Most of all, it looks like they noticed the courageous teacher walkouts in West Virginia, Oklahoma, Kentucky, and Arizona, of which they write about. They’re watching the likely upcoming walkouts in Washington State (where they are already happening) and Virginia. Perhaps TIME notices the “Wear Red for Ed” movement showing solidarity among teachers and parents.
They dedicate a section of their report to education as a topic finally in the midterms. Hundreds of teachers are running in the upcoming election.
I think TIME notices that teachers are strong and will not give up their profession easily.
That isn’t to say that the threats to education are not grave. Technology is sweeping into school districts with few regulations or debate. Parents are frightened about student privacy when they hear about the dangers of online data collection.
But the American people especially parents seem tired of school reforms and corporations that fail children. The media might want to get on the right side of history. If they don’t, no one will care about their reporting anymore.

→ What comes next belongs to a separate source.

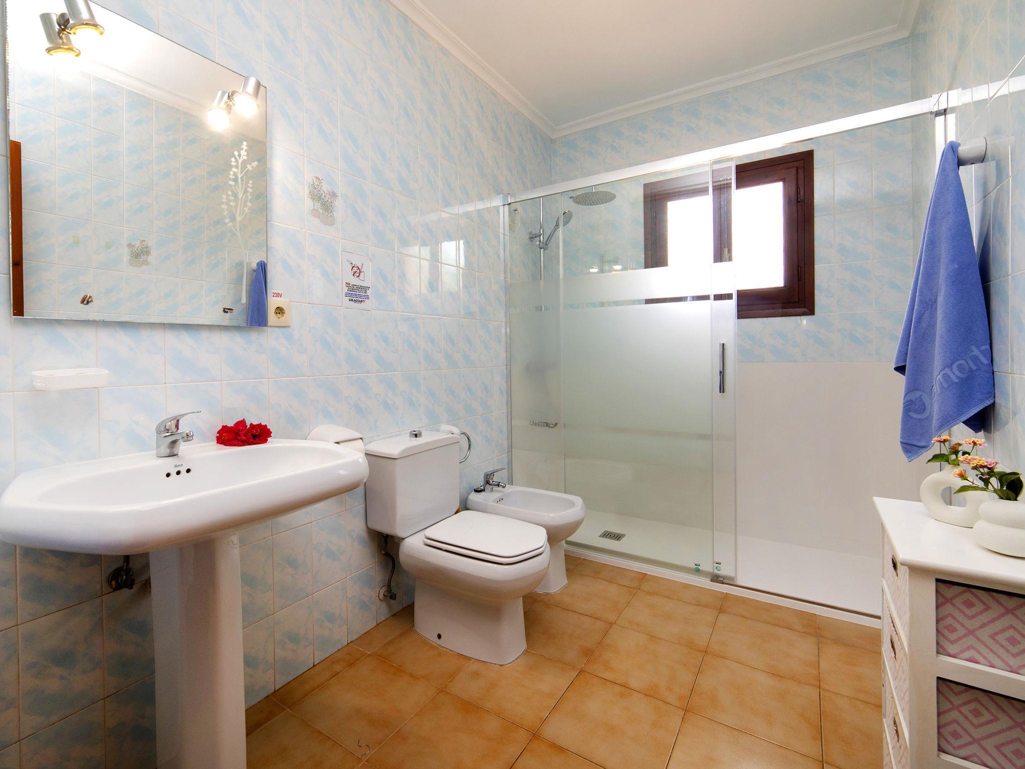 "Roque", 4-room house 120 m2. Practical furnishings: living/sleeping room with open-hearth fireplace (only for decoration), dining table, satellite TV and digital TV. Exit to the terrace. 1 room with 1 french bed (150 cm), air conditioning and forced-air heating. 2 rooms, each room with 2 beds (90 cm, length 190 cm), air conditioning and forced-air heating. Kitchen (oven, dishwasher, 4 gas rings, toaster, kettle, microwave, freezer, electric coffee machine). Exit to the patio. Shower/WC, shower/bidet/WC. Terrace partly roofed. Terrace furniture, barbecue (portable), deck chairs (4), covered balcony. View of the swimming pool and the garden. Facilities: washing machine, iron. Internet (WiFi, free). Parking (fenced 3 cars). Suitable for families. AT-438336-A // Reg. Nr.: ESFCTU00000302900036116100000000000000000AT-438336-A7

So thank you, TIME. I am still not renewing my subscription, although I did purchase the magazine at the bookstore. Keep up the good work!
Reference
Katie Reilly. “The Life of the American Teacher.” TIME. 192(121): p.27-33. September 24, 2018.
ciedie aech says
You support an important (if often minimized) aspect of teaching by saying that “Teaching has been primarily a woman’s job at a time when women are finding their voices. ” I found when I was writing about how abusive the sudden NCLB testing invasions were, attached as they were to so much teacher blame and endless administrative dictates which changed on a whim, that I suddenly resonated with an article about Emotional Abuse. Emotional Abuse is long associated to the lives of women, and as I read through a list of how it is recognized, I saw that each trait could now be found inside our schools as actions being used against a world made up largely of women.
Nancy Bailey says
Excellent point, Ciedie! I am trying to remember the excellent post written about teacher gaslighting a few years ago. But this treatment of teachers must end. Thank you.

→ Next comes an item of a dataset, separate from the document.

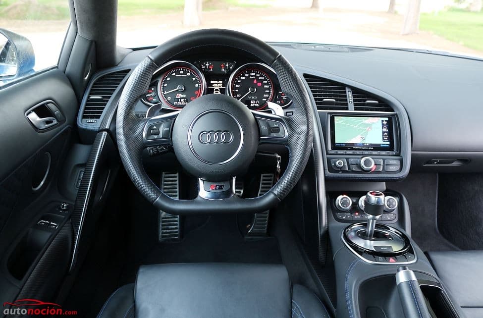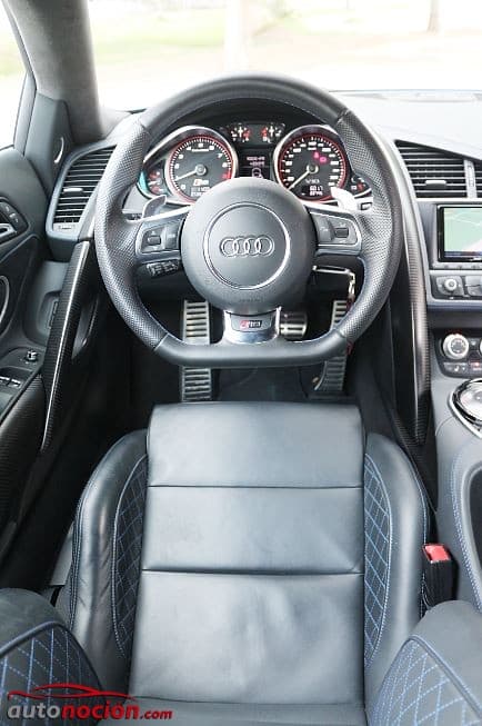 Todo está al alcance de las manos y a la vista del conductor. Las manos se posan cómodamente sobre un sólido volante tapizado en cuero perforado con ribetes en contraste azul que monta en la parte inferior el logo R8, justo encima de la zona ligeramente achatada. El volante incorpora dos botones y dos scrolls así como unas levas solidarias de aluminio que convierten los cambios de marcha en una auténtica gozada. Tras el volante nos encontramos con el panel de instrumentos clásico de los modelos Audi de la anterior generación en los que destaca el FIS central que en este modelo cuenta con laptimer así como con funciones únicas de los R8.

Here it is. By Peggy Robertson. https://garnpress.com/gaslighting-turnaround-schools-by-peggy-robertson/
Roy Turrentine says
I think it is due to journalistic whim. Journalism is naturally a demanding job that requires time and money to look closely at a topic. You have to research, interview, write, revise….but wait, Nancy, you know this more than anyone, producing these pieces every few days for people like me to read. Often what you get as an editor is just copy, even at the highest levels. If is seems compelling, you print.
Now That the stories of incompetence in educators are stale, they are printing other stories that have come to light largely due to the efforts of people like you changing the conversation. The teacher walkouts have highlighted situations that have been there all along, now the editors think these stories will sell copy to a public that might want to read it.

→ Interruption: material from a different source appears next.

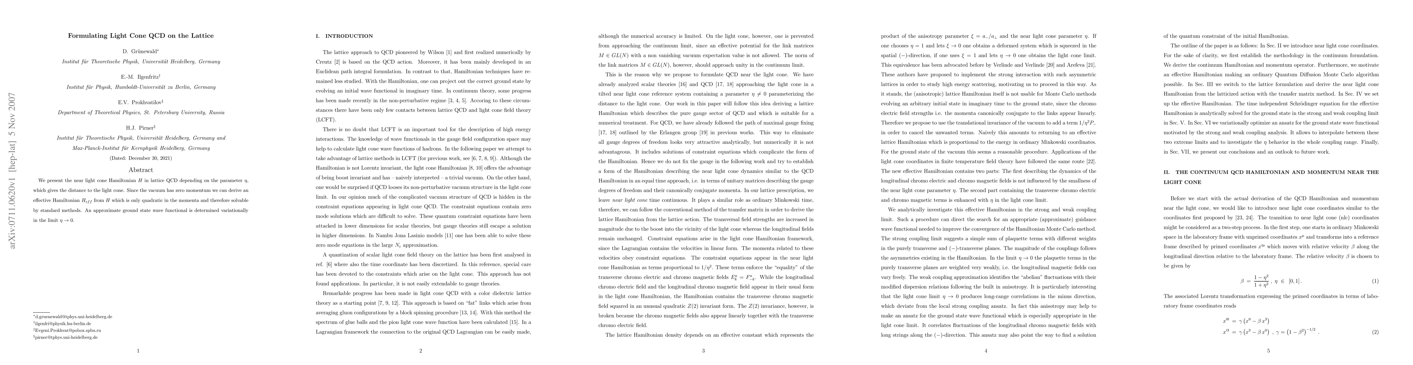 We present the near light cone Hamiltonian $H$ in lattice QCD depending on the parameter $\eta$, which gives the distance to the light cone. Since the vacuum has zero momentum we can derive an effective Hamiltonian $H_{eff}$ from $H$ which is only quadratic in the momenta and therefore solvable by standard methods. An approximate ground state wave functional is determined variationally in the limit $\eta \to 0$.

So pat yourself on the back. You are why Time has rediscovered sympathy for teachers.
Nancy Bailey says
Thank you, Roy.
Rafael Esparza says
As George Carlin says the corporate interest see no value in an informed minority population and so we continue with the invisible slavery that education is today. Teachers teaching math and literacy in isolation to ensure a pliable population for hyper consumerism and manipulation. State agencies continue to master scattered, cluttered and confused mandates creating incoherence and toxicity. As outside researchers have indicated…we are not producing kids that can’t help our society and communities. We never teach our students about money, how to feed themselves in a healthy way, how to be a good at learning and good at life.
That is the plan of the One Percent.